• WORK ORDER: Retype the material that follows exactly, limited to the lines from the one with "Czapeczka dla noworodka" through the one with "デンマークのデザイナー、Jo", and keep out all pictures.

• TASK DATA:
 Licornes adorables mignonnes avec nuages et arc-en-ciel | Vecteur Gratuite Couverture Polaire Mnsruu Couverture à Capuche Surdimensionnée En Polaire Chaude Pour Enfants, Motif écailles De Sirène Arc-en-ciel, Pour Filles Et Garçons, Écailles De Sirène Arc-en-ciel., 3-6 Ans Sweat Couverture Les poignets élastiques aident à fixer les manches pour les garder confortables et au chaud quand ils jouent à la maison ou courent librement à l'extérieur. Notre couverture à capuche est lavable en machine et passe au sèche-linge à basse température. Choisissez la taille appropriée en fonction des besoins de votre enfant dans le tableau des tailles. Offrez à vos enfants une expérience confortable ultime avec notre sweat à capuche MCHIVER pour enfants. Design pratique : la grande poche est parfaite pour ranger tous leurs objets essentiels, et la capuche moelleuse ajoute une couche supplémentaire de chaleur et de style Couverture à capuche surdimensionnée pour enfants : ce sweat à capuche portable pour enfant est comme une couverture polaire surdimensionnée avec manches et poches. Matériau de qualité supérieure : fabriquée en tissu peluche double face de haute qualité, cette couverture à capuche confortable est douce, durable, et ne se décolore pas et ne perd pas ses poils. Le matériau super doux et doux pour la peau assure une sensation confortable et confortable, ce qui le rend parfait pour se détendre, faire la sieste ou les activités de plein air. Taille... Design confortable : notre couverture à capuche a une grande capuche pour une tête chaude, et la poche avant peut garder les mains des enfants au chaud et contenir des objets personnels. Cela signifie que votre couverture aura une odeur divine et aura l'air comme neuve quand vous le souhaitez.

---

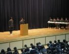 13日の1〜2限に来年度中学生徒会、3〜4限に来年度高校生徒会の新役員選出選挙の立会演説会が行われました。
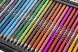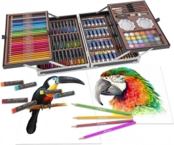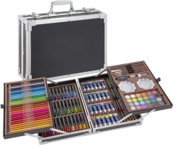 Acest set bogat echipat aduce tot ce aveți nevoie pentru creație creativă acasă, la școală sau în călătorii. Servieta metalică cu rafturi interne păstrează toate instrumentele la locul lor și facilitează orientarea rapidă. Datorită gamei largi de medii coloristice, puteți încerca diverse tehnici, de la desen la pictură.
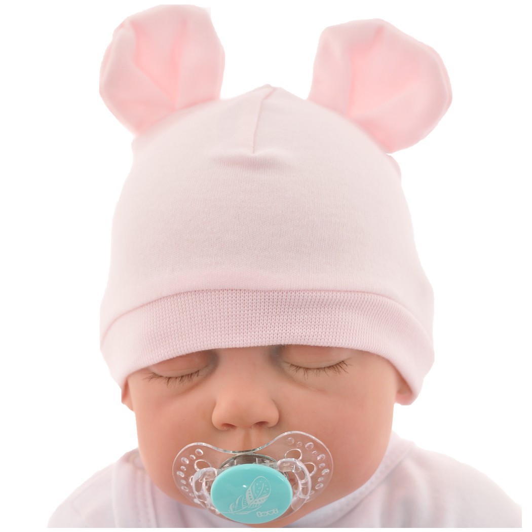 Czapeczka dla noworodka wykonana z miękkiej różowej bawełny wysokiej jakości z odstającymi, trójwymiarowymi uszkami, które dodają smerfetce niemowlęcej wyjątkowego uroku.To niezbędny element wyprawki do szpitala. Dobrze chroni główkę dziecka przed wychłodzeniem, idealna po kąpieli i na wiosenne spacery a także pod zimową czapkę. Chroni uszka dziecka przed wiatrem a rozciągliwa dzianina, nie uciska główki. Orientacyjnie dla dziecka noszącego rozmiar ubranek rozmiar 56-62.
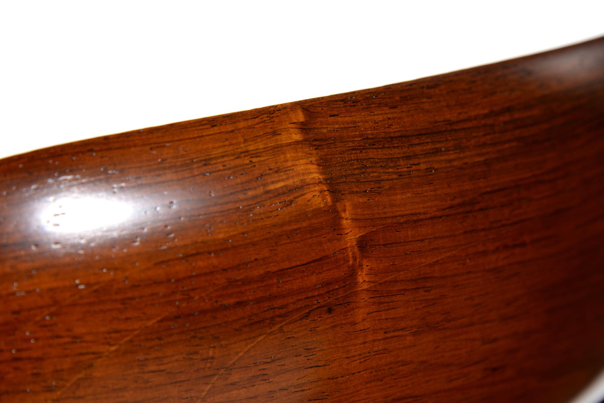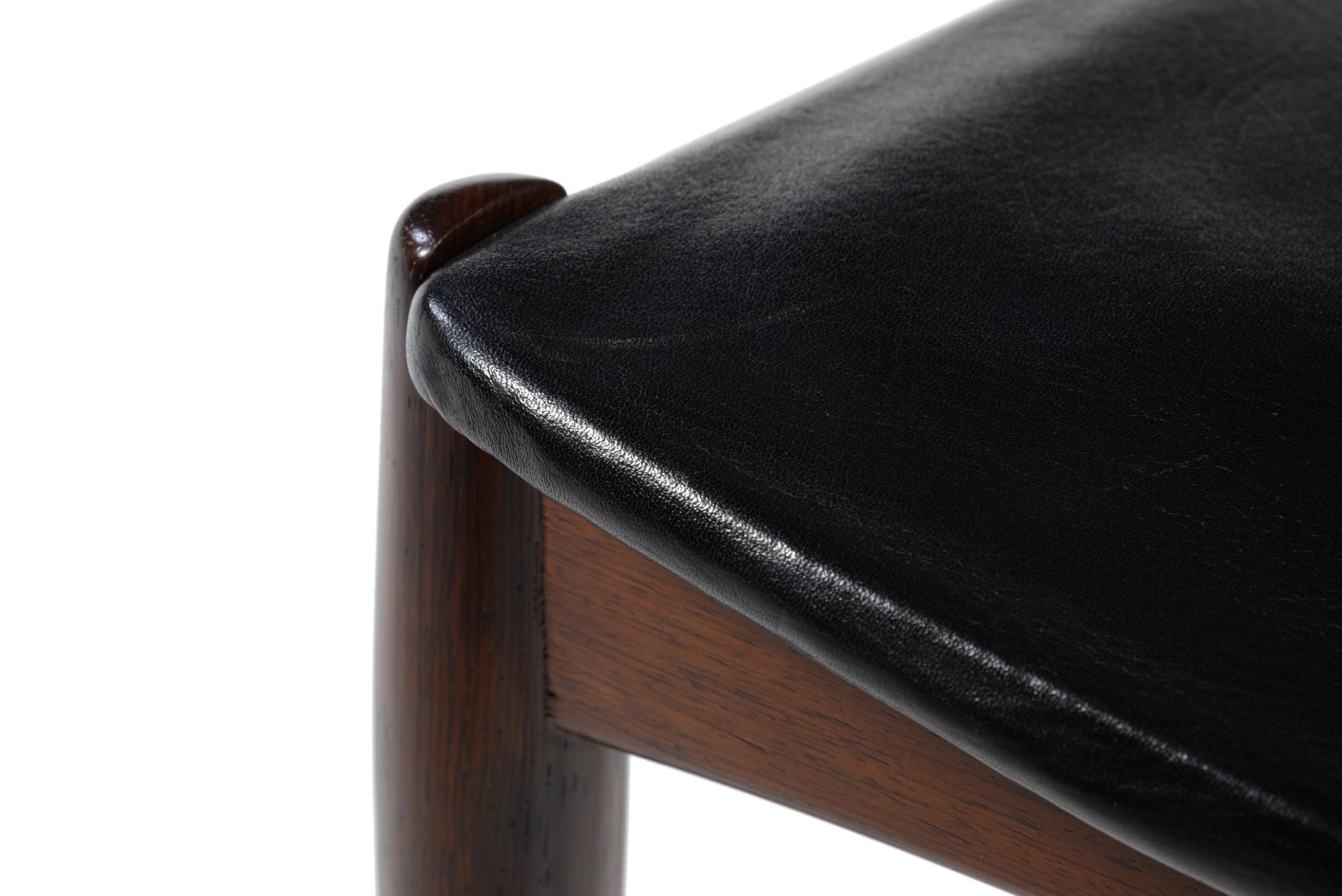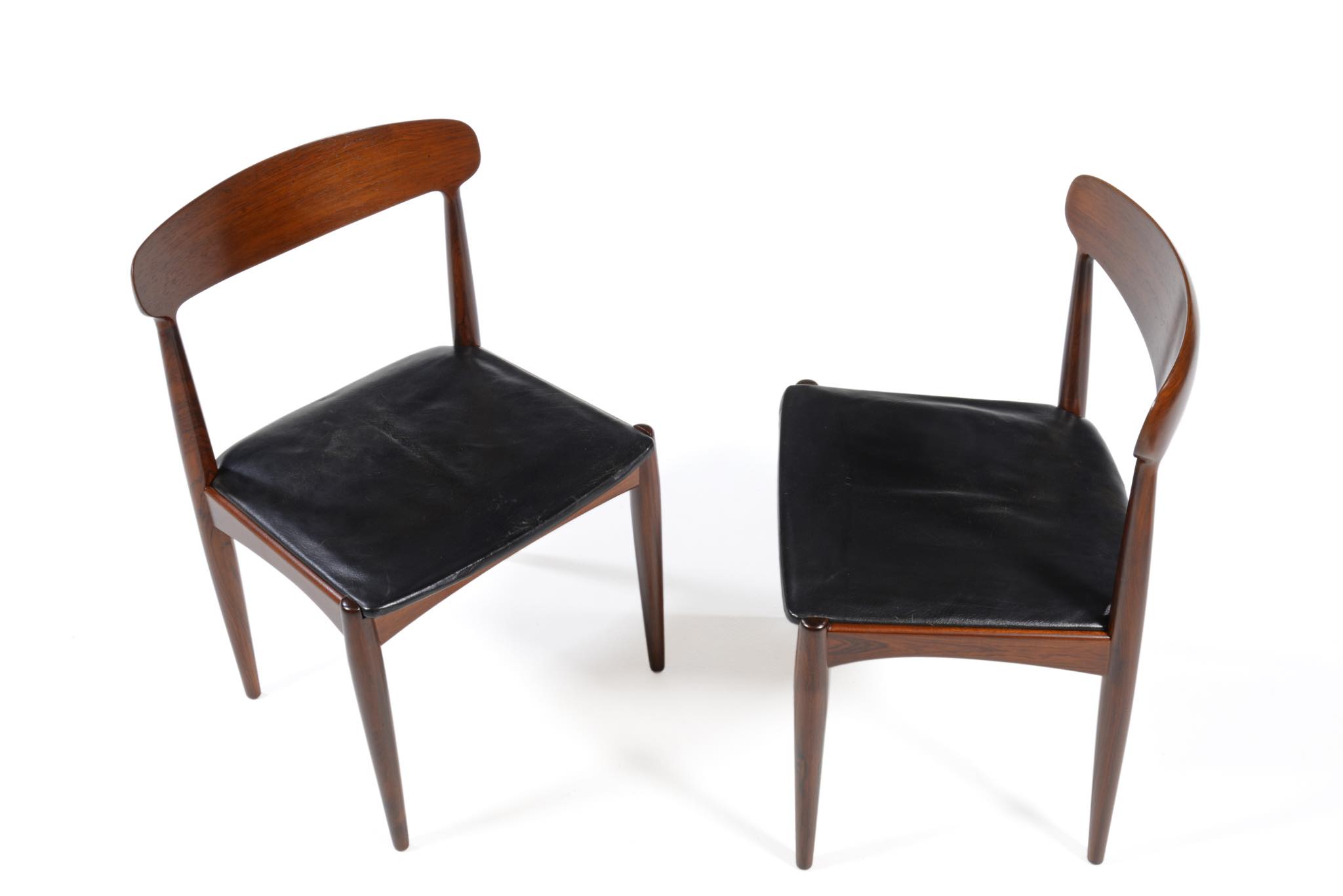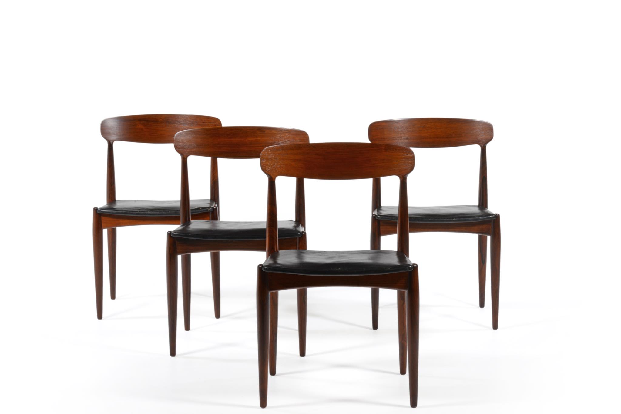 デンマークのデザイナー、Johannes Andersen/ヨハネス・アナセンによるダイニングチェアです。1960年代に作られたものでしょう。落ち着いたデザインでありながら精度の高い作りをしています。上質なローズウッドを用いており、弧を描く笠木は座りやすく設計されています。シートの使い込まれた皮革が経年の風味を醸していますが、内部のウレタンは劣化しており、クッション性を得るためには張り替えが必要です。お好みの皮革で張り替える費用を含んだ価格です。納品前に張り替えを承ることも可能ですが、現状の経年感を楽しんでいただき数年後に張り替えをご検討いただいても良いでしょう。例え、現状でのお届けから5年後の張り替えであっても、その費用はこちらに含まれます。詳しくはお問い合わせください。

• OUTPUT FOR THIS TASK:
 Czapeczka dla noworodka wykonana z miękkiej różowej bawełny wysokiej jakości z odstającymi, trójwymiarowymi uszkami, które dodają smerfetce niemowlęcej wyjątkowego uroku.To niezbędny element wyprawki do szpitala. Dobrze chroni główkę dziecka przed wychłodzeniem, idealna po kąpieli i na wiosenne spacery a także pod zimową czapkę. Chroni uszka dziecka przed wiatrem a rozciągliwa dzianina, nie uciska główki. Orientacyjnie dla dziecka noszącego rozmiar ubranek rozmiar 56-62.
 デンマークのデザイナー、Johannes Andersen/ヨハネス・アナセンによるダイニングチェアです。1960年代に作られたものでしょう。落ち着いたデザインでありながら精度の高い作りをしています。上質なローズウッドを用いており、弧を描く笠木は座りやすく設計されています。シートの使い込まれた皮革が経年の風味を醸していますが、内部のウレタンは劣化しており、クッション性を得るためには張り替えが必要です。お好みの皮革で張り替える費用を含んだ価格です。納品前に張り替えを承ることも可能ですが、現状の経年感を楽しんでいただき数年後に張り替えをご検討いただいても良いでしょう。例え、現状でのお届けから5年後の張り替えであっても、その費用はこちらに含まれます。詳しくはお問い合わせください。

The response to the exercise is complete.